**PROVIDED ENTRIES**
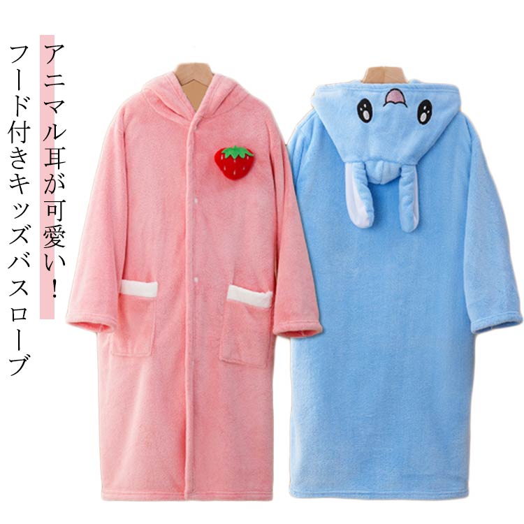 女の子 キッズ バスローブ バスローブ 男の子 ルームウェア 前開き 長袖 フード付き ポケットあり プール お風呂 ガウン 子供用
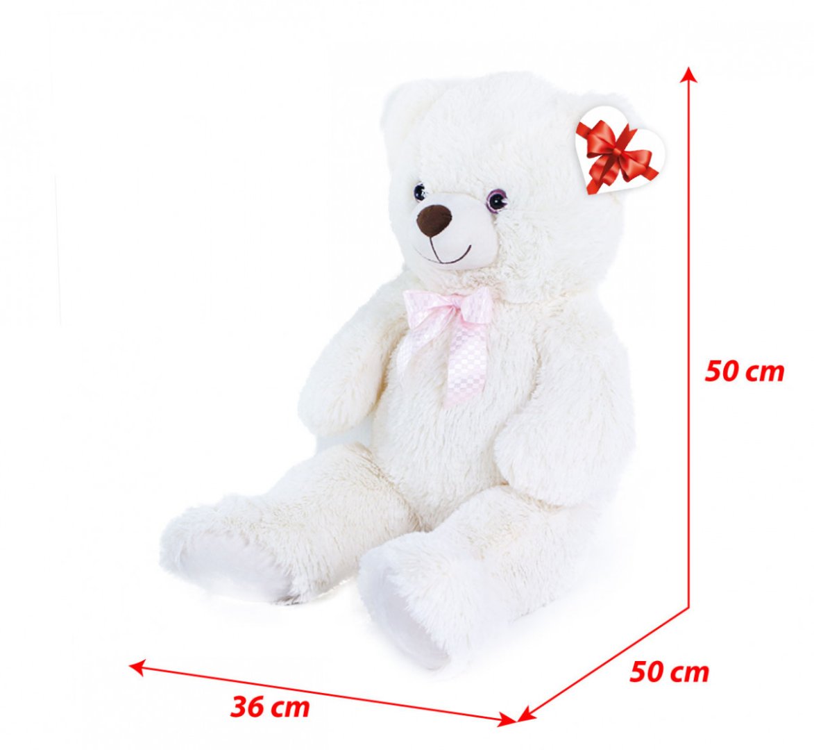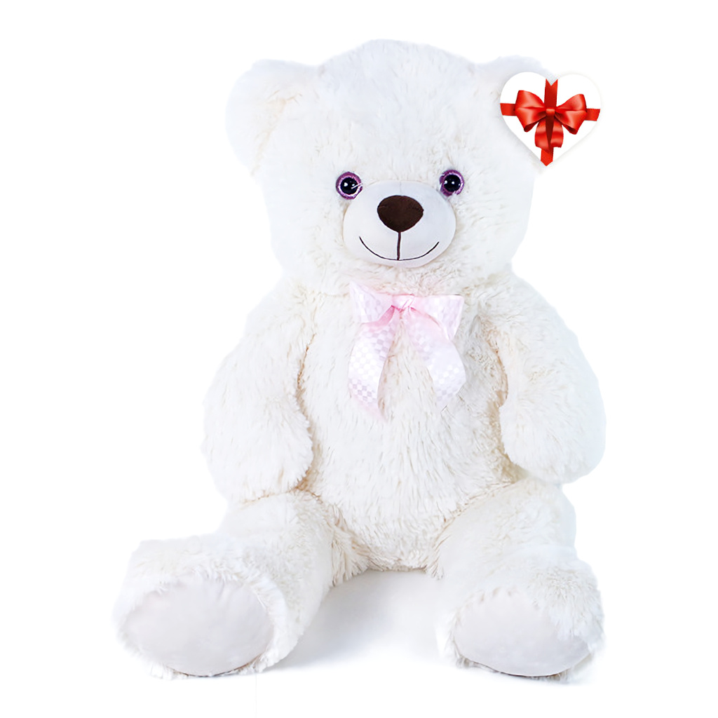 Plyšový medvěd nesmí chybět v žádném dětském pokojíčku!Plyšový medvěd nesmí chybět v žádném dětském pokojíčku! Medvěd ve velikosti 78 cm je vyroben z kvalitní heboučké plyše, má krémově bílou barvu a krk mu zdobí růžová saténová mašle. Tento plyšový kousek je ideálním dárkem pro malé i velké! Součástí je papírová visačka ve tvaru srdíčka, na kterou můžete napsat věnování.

...

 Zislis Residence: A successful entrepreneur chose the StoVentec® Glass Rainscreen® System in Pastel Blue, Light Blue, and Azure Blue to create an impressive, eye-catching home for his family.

--

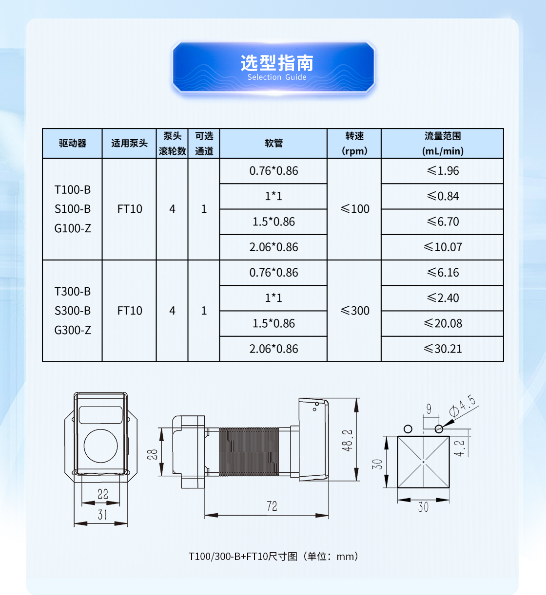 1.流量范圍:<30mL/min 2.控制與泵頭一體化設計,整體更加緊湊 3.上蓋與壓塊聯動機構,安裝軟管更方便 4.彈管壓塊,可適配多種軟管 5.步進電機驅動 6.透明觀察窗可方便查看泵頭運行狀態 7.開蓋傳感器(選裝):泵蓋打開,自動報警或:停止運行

**TRY IT**
Repeat, word for word, the lines of the material above from the one holding "女の子 キッズ バスローブ" through the one holding "Plyšový medvěd nesmí chybět v žádném dětském pokojíčku!Plyšový". Leave out pictures.

**SOLUTION TO THIS EXERCISE**
 女の子 キッズ バスローブ バスローブ 男の子 ルームウェア 前開き 長袖 フード付き ポケットあり プール お風呂 ガウン 子供用
 Plyšový medvěd nesmí chybět v žádném dětském pokojíčku!Plyšový medvěd nesmí chybět v žádném dětském pokojíčku! Medvěd ve velikosti 78 cm je vyroben z kvalitní heboučké plyše, má krémově bílou barvu a krk mu zdobí růžová saténová mašle. Tento plyšový kousek je ideálním dárkem pro malé i velké! Součástí je papírová visačka ve tvaru srdíčka, na kterou můžete napsat věnování.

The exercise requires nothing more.